You can also setup services to have their endpoints aware of network topologies with [topology aware routing](https://kubernetes.io/docs/concepts/services-networking/topology-aware-routing/).

If you set the environment variable `ENABLE_SERVICE_TOPOLOGY_MODE="true"` this will enable setting the annotations `service.kubernetes.io/topology-mode="auto"`.

If you turn this on you can also set `spec.serviceTopologyMode` to any value if you want to disable this for particular egress'. For example
if you set `spec.serviceTopologyMode: "None"` this will disable topology aware routing for your ExternalService.

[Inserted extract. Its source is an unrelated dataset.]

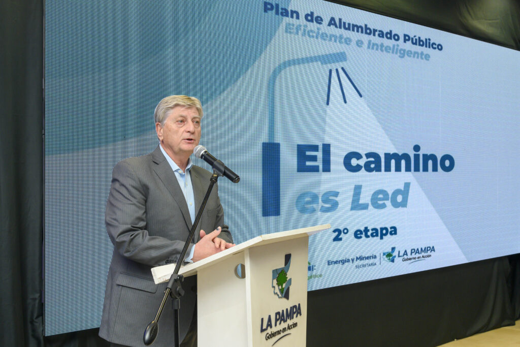 El gobernador, junto al intendente de Macachín, Martín Mujica; el  secretario de Energía y Minería, Matías Toso; demás funcionarios provinciales y municipales e integrantes de cooperativas de la zona encabezó el acto de entrega de 1.599 lunarias LED a nueve localidades, en el marco de la segunda etapa del Plan de Alumbrado Público Eficiente e Inteligente

| Variable name | Default | Description |
|------------------------------------|-------------------------------------------|-----------------------------------------------------------|
| ENVOY_IMAGE | `envoyproxy/envoy-alpine:v1.16.5` | Name of the Envoy Proxy image to use |
| TAINT_TOLERATION_KEY | Empty, no tolerations applied | Toleration key to apply to gateway pods |
| TAINT_TOLERATION_VALUE | Empty, no tolerations applied | Toleration value to apply to gateway pods |
| NODE_SELECTOR_KEY | Empty, no node selector added | Node selector label key to apply to gateway pods |
| NODE_SELECTOR_VALUE | Empty, no node selector added | Node selector label value to apply to gateway pods |
| POD_TOPOLOGY_ZONE_MAX_SKEW_KEY | `topology.kubernetes.io/zone` | Topology key for the zone constraint |
| POD_TOPOLOGY_ZONE_MAX_SKEW | Empty, won't inject a zone constraint | Value of maxSkew for the zone constraint |
| POD_TOPOLOGY_HOSTNAME_MAX_SKEW_KEY | `kubernetes.io/hostname` | Topology key for the hostname constraint |
| POD_TOPOLOGY_HOSTNAME_MAX_SKEW | Empty, won't inject a hostname constraint | Value of maxSkew for the hostname constraint |
| ENABLE_SERVICE_TOPOLOGY_MODE | Empty, won't add the annotation | Set to 'true' to add the topology mode service annotation |